“手。”
商迪咬着下唇,睫毛剧烈抖动,最终还是慢慢伸出那只没有受伤的左手,掌心向上。
“第一,对长辈撒谎。”
“啪!”
戒尺重重落下。
“呃……”商迪闷哼一声。
这一下极重。左手掌心瞬间浮起一道殷红的肿痕。
“第二,支开司机,脱离安全视线。”
“啪!”
又是一下。商迪的手控制不住地往回缩了半寸,又生生停住。
眼泪夺眶而出。
“第三。”
秦邵南用戒尺挑起他的下巴,逼迫少年睁开那双湿漉漉的眼睛,看着自己。
“吃那些路边的垃圾。你要是半夜急性肠胃炎,指望谁来照顾你?那个只教你惹事的许辰?”
商迪眼泪大颗大颗往下掉。
“他不是,他只是带我去看看外面的人都在干什么!”
秦邵南扔掉戒尺。
一步上前,伸手揽住少年的后腰,将人严严实实地按进了自己怀里。
“外面的人做什么,与你无关。”
男人的大手扣着他的后脑勺,下巴压在商迪肩膀上,声音沙哑:
“迪迪有没有想过,你出去了没跟家里说,先生在国外管不到你,你那么晚回家,爷爷不担心?”
“外面都是坏人,只有在家里先生才安心。”
商迪被他紧紧勒着,挣脱不开。
他靠在秦邵南的胸膛上,还在抽噎。
“可是……你不能关我一辈子。书上说……”
“别跟我提你那些书。”
秦邵南打断他,手指顺着他的后颈缓缓向上,安抚性地揉捏着他的头发。
“先生是为你好。”
“迪迪忘记了?”
“忘记了被吓得发烧,忘记了差点被拐走?”
商迪的身体骤然僵住。
指指点点的人群,躲不过的闪光灯…
波板糖,面包车……
“我……”商迪攥紧了秦邵南胸前的衬衫布料,指节泛白。
“发了一周的烧,整整两年不爱说话,从三岁到五岁一看到陌生人就哭个不停。”
“还有……如果当时保镖晚去五分钟,如果那辆车开出了市区。”秦邵南的手掌顺着少年的脊背一下下抚摸,动作安抚,言辞却残忍,“你现在会在哪?黑煤窑?还是被人打断腿扔在街边要饭?”
少年开始发抖。
大颗的眼泪砸在秦邵南的衬衫上,洇出深色的水痕。
“许辰护不住你。”秦邵南收紧双臂,“那碗烤冷面,如果有人加了料呢?你连防备的意识都没有,就敢往嘴里塞?”

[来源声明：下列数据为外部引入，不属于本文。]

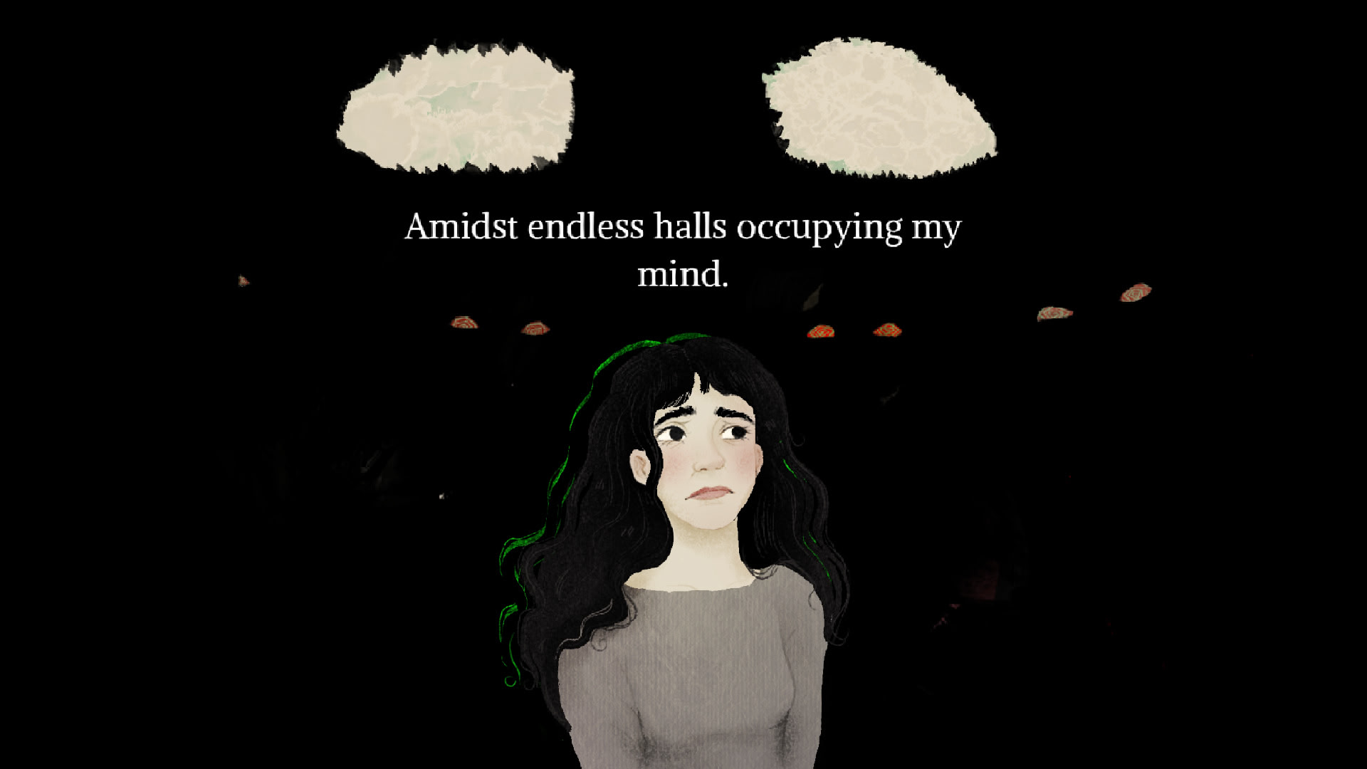 The story depicts the nightly tribulation of Ana as she rushes through an infinite hall of rooms, encountering those she ran away from four years ago. Itch.io]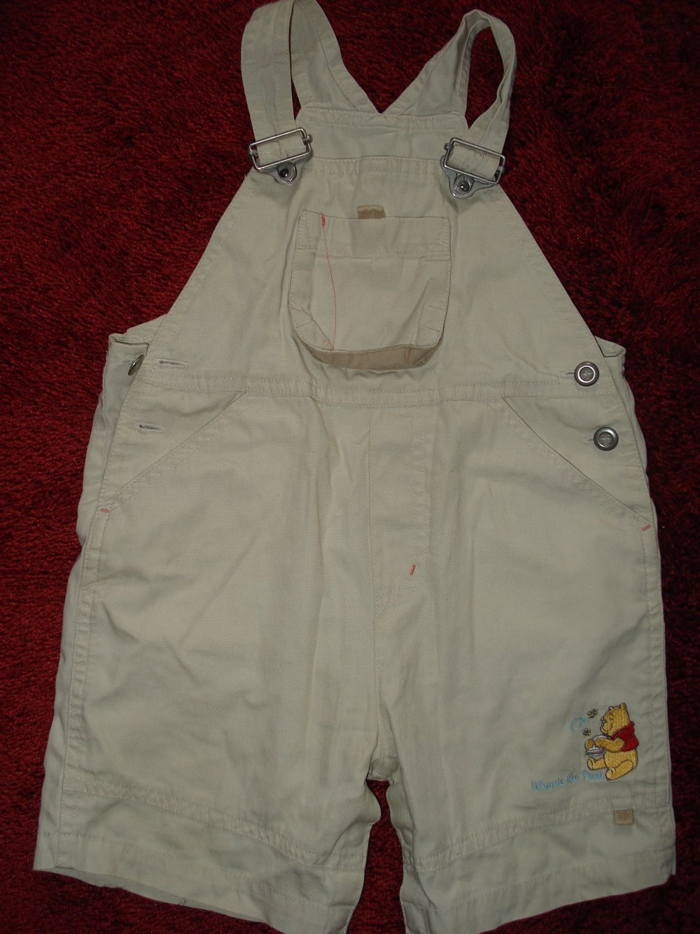 Diese kurze sandfarbene Latzhose von Disney in der Größe 86 hat vorn und hinten eine niedliche Winnie Puuh-Applikation. Hinten ist ein kleiner dunkler Punkt über der einen Tasche (siehe Foto). Ansonsten super bequem zum Rumräubern und/oder für die Kita.

“我没有……”商迪抽泣着辩驳,“那只是一家普通的摊子……”
“万一是呢?”秦邵南突然拉开两人的距离。
他扣住商迪的肩膀,逼他抬头。
“意外发生一次…两次就够了。绝不允许有第三次。”
商迪迎着那道深不见底的目光:“可我也不能一辈子不见人。”
“你想见人,先生带你去见。”秦邵南拉过他被打得红肿的左手,又抓起他掌心结痂的右手,“想吃什么,想玩什么,在我的视线范围内,随你。”